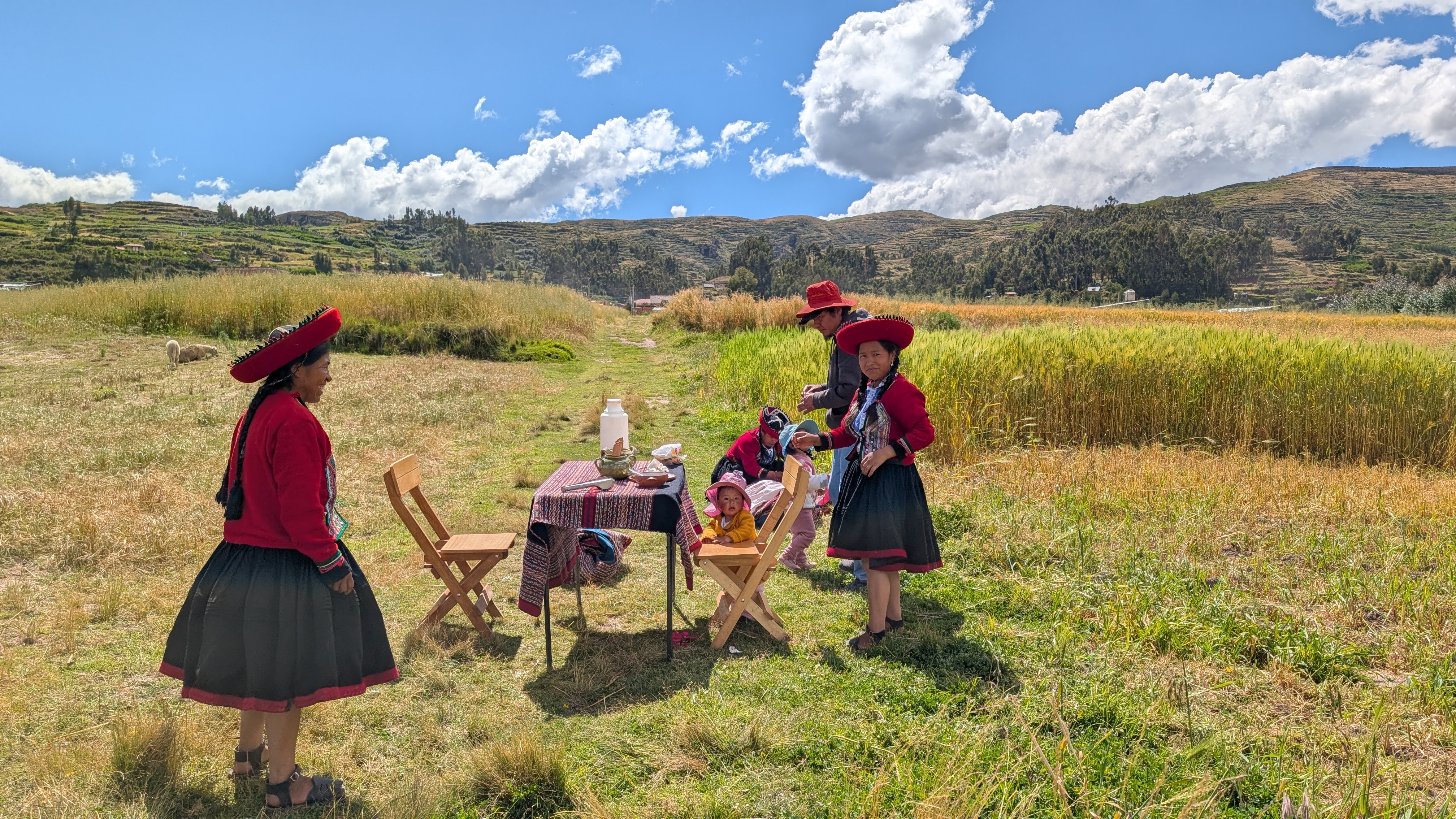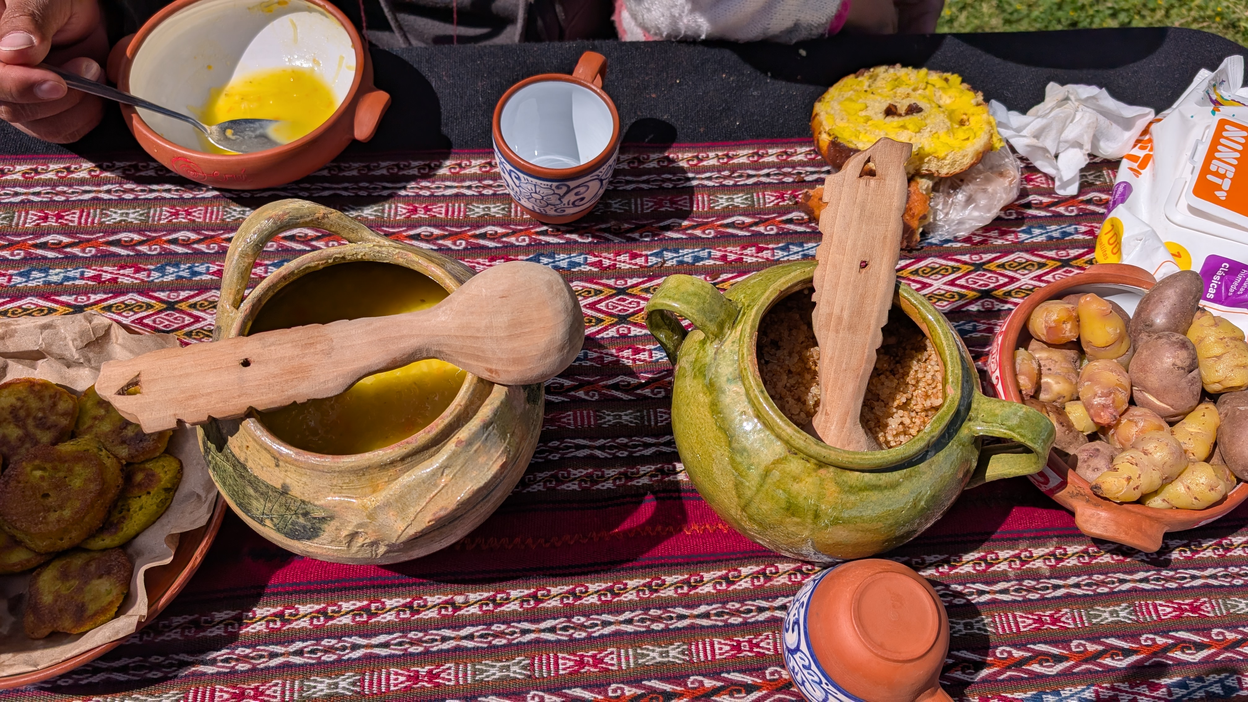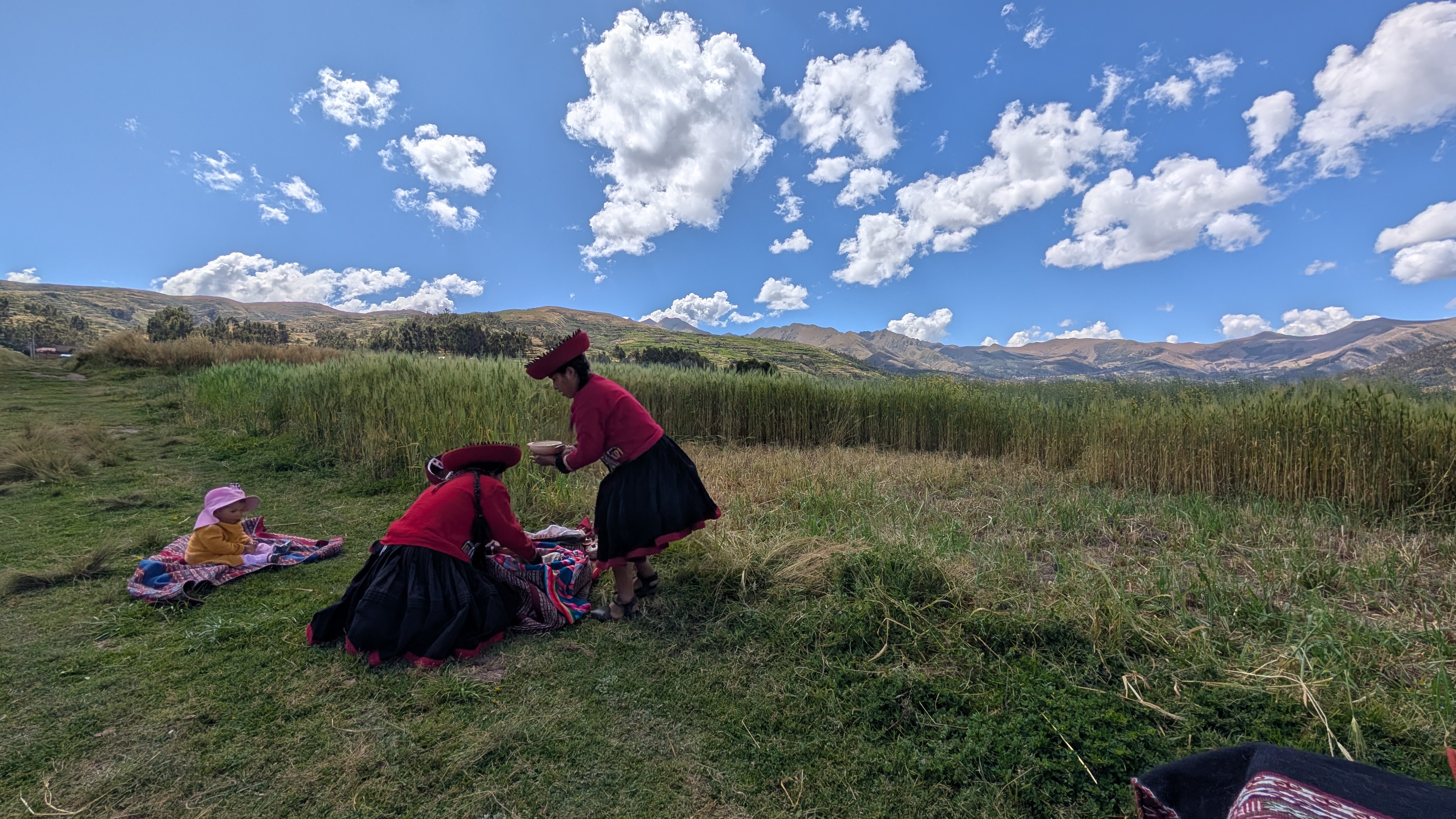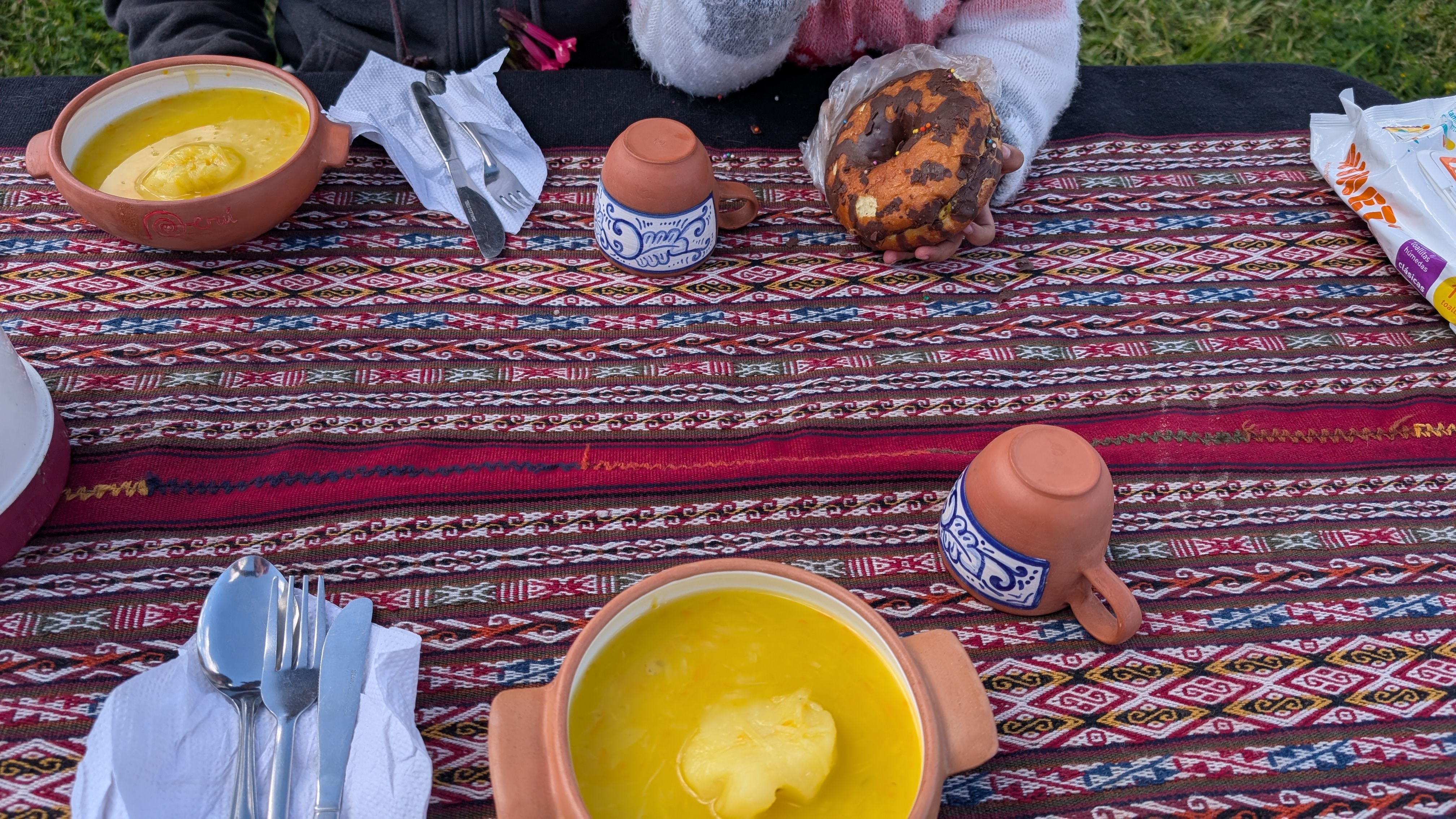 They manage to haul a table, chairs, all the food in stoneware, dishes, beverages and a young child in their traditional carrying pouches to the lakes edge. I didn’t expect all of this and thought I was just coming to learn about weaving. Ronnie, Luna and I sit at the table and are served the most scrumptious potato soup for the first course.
---
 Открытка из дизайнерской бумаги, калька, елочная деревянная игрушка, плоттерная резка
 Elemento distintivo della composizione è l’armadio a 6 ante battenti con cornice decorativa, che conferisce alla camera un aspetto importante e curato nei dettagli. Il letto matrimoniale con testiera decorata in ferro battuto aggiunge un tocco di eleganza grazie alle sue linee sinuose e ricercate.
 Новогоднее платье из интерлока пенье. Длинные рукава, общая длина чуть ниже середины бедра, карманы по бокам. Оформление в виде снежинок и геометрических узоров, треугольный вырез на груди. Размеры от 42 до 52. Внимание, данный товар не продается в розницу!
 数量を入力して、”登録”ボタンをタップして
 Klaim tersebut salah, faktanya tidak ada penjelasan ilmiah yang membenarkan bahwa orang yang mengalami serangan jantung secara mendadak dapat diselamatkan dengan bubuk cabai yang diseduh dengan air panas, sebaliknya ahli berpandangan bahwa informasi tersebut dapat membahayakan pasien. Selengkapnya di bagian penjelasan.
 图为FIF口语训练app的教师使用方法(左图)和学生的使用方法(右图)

Exercise description: Everything from the line containing "Elemento distintivo della" through the line containing "图为FIF口语训练app的教师使用方法(左图)和学生的使用方法(右图)" in the material above should be retyped exactly, both ends included, and nothing more.

Answer box:
 Elemento distintivo della composizione è l’armadio a 6 ante battenti con cornice decorativa, che conferisce alla camera un aspetto importante e curato nei dettagli. Il letto matrimoniale con testiera decorata in ferro battuto aggiunge un tocco di eleganza grazie alle sue linee sinuose e ricercate.
 Новогоднее платье из интерлока пенье. Длинные рукава, общая длина чуть ниже середины бедра, карманы по бокам. Оформление в виде снежинок и геометрических узоров, треугольный вырез на груди. Размеры от 42 до 52. Внимание, данный товар не продается в розницу!
 数量を入力して、”登録”ボタンをタップして
 Klaim tersebut salah, faktanya tidak ada penjelasan ilmiah yang membenarkan bahwa orang yang mengalami serangan jantung secara mendadak dapat diselamatkan dengan bubuk cabai yang diseduh dengan air panas, sebaliknya ahli berpandangan bahwa informasi tersebut dapat membahayakan pasien. Selengkapnya di bagian penjelasan.
 图为FIF口语训练app的教师使用方法(左图)和学生的使用方法(右图)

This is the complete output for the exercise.